In today’s Gospel (Matt 2:1-12), we are told of civil and religious authorities—Herod and the experts of scriptures—who were caught unawares about the coming of the Messiah.  On the one hand, Bethlehem was a village under Herod who should have known the place and its people.  On the other, the religious authorities had the Scriptures which tells of the birth of the Messiah: “And you, Bethlehem, land of Judah, are by no means least among the princes of Judah, since from you shall come a ruler who is to shepherd me people Israel” (Matt 2:8).  Indeed, it was the priests and scribes who furnished King Herod the information about the future ruler.  And when Herod eventually knew about him, he rejected him, thinking the child would be a threat to his kingship.  In sharp contrast, we are also told of Magi, astrologers who studied the stars, so much aware of the coming of the new King.  To know him, the Magi did not have the Scriptures; they had only a miraculous star to tell them.  And by means of the star, they were led to the house of Joseph.  In this pericope, Matthew thus makes a contrast between astrologers from the east who accepted Jesus and the King and religious leaders of Israel who rejected him.

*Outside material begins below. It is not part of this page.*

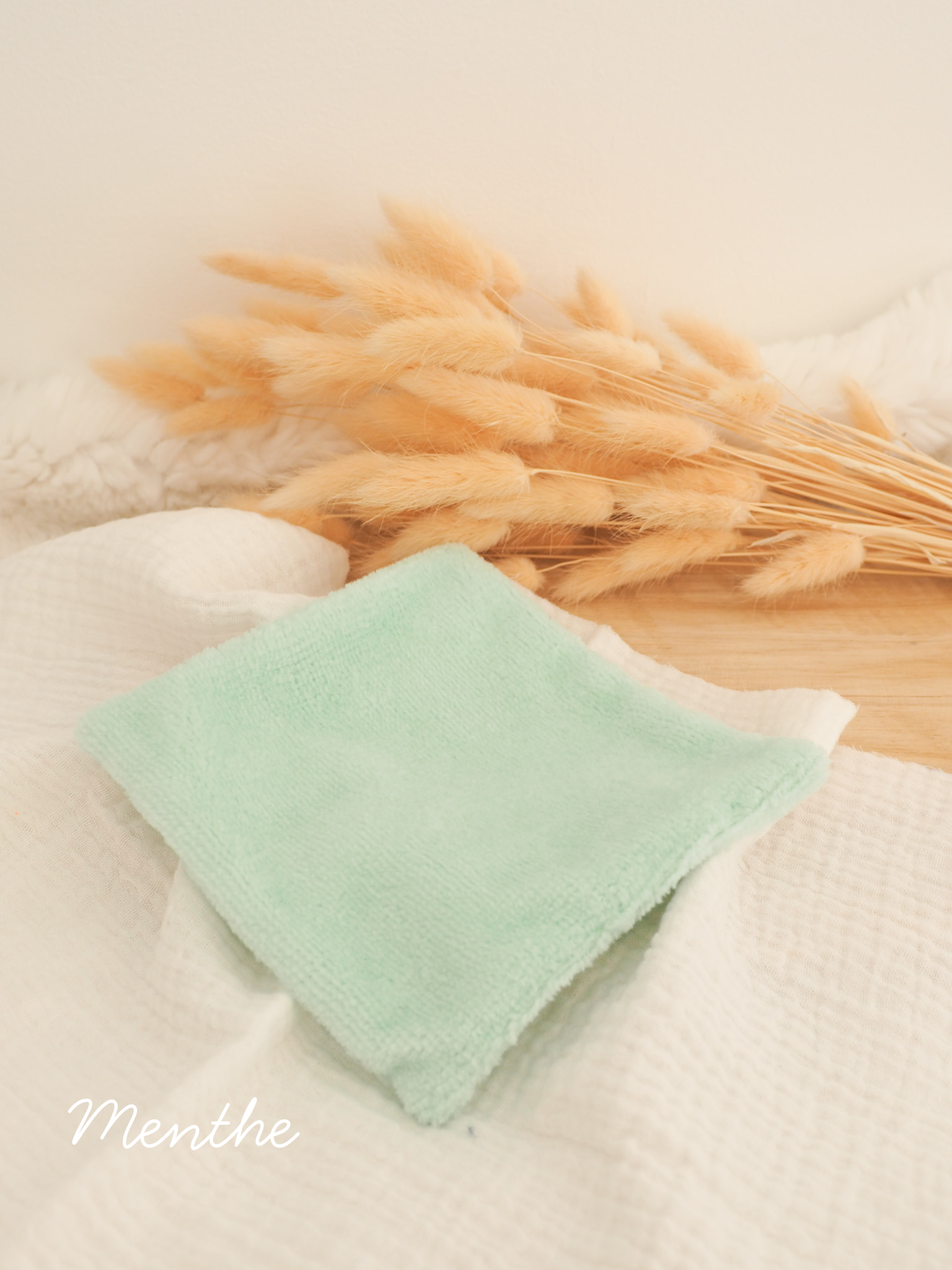 Ces petites lingettes sont bi faces et s'utilisent des deux côtés. Vous pouvez les passer en machine à 30°C dans un filet et les laisser sécher à l'air libre. 🌀

The Magi story is a part of the introduction to Matthew’s gospel, and functions as an overture to the whole Matthean account of Jesus’ life, ministry and death, in more or less the same way that the Prologue of John introduces the reader to the theology found in his gospel.  In particular, the Magi story serves to prefigure what happened in the life and ministry of Jesus and the early Church.  Looking back, we know that both the civil and religious authorities, whom Herod and the interpreters of the Scriptures represent, refused to recognize Jesus as the One sent by God.  God chose them as his people, and gave them his Word—the Scriptures—so they could walk in his ways; but when the time came, they failed to recognize the Messiah.  They were scandalously slow in coming to faith in the Messiahship of Jesus.  In sharp contrast, the Gentiles, whom the Magi represent in today’s gospel, knew nothing about God except through what was available to them through the natural phenomena, like the star, and yet, when confronted with the Message, they believed in Jesus the Messiah.  In other words, the story was recalled by the Matthean community to explain a phenomenon in the early Church:  the early Christians saw the contrasting reactions of the Jews and Gentiles to the ministry of Jesus and the apostles: while the Israelites rejected him, the Gentiles accepted him.  In the understanding of the Matthean community, this sheds light on why the majority of the members of the Church came from pagans, not from Israelites, even though Jesus was a Jew.

             

How explain the contrast?  For Matthew, Herod and the religious authorities, even though they had the sacred tradition, failed to recognize the Messiah because of their unbelief; they closed their eyes to the revelation of God in the child.  The Magi, on the other hand, had faith.  They believed that God spoke to them through the miraculous star.  They believed that in the ordinariness of the child born in Bethlehem, God was there.  Hence, the feast of the Epiphany is really about God’s revelation, and our acceptance or rejection of that revelation.  It is possible that people who are supposedly religious may fail to recognize the coming of God in their lives.  It happens when they presume to know the working of God, and limit his action to what they have already learned in their theologies.  They put limits to their faith.  But God is a God of surprises!  He reveals himself in ways that are unknown and ordinary, and that people do not expect.  He can reveal himself in a helpless child at Christmas, a child no different in appearance from the children of a small, poor village like Bethlehem. And we can detect his presence even in the negative experiences of our lives, in powerlessness, helplessness and wretchedness, in much the same way that a Jewish prisoner of war in a German camp came to recognize him in the boy hanging on the gallows.  What is important for us, of course, is to detect his presence, to recognize his revelation.  And we can do it only with the eyes of faith.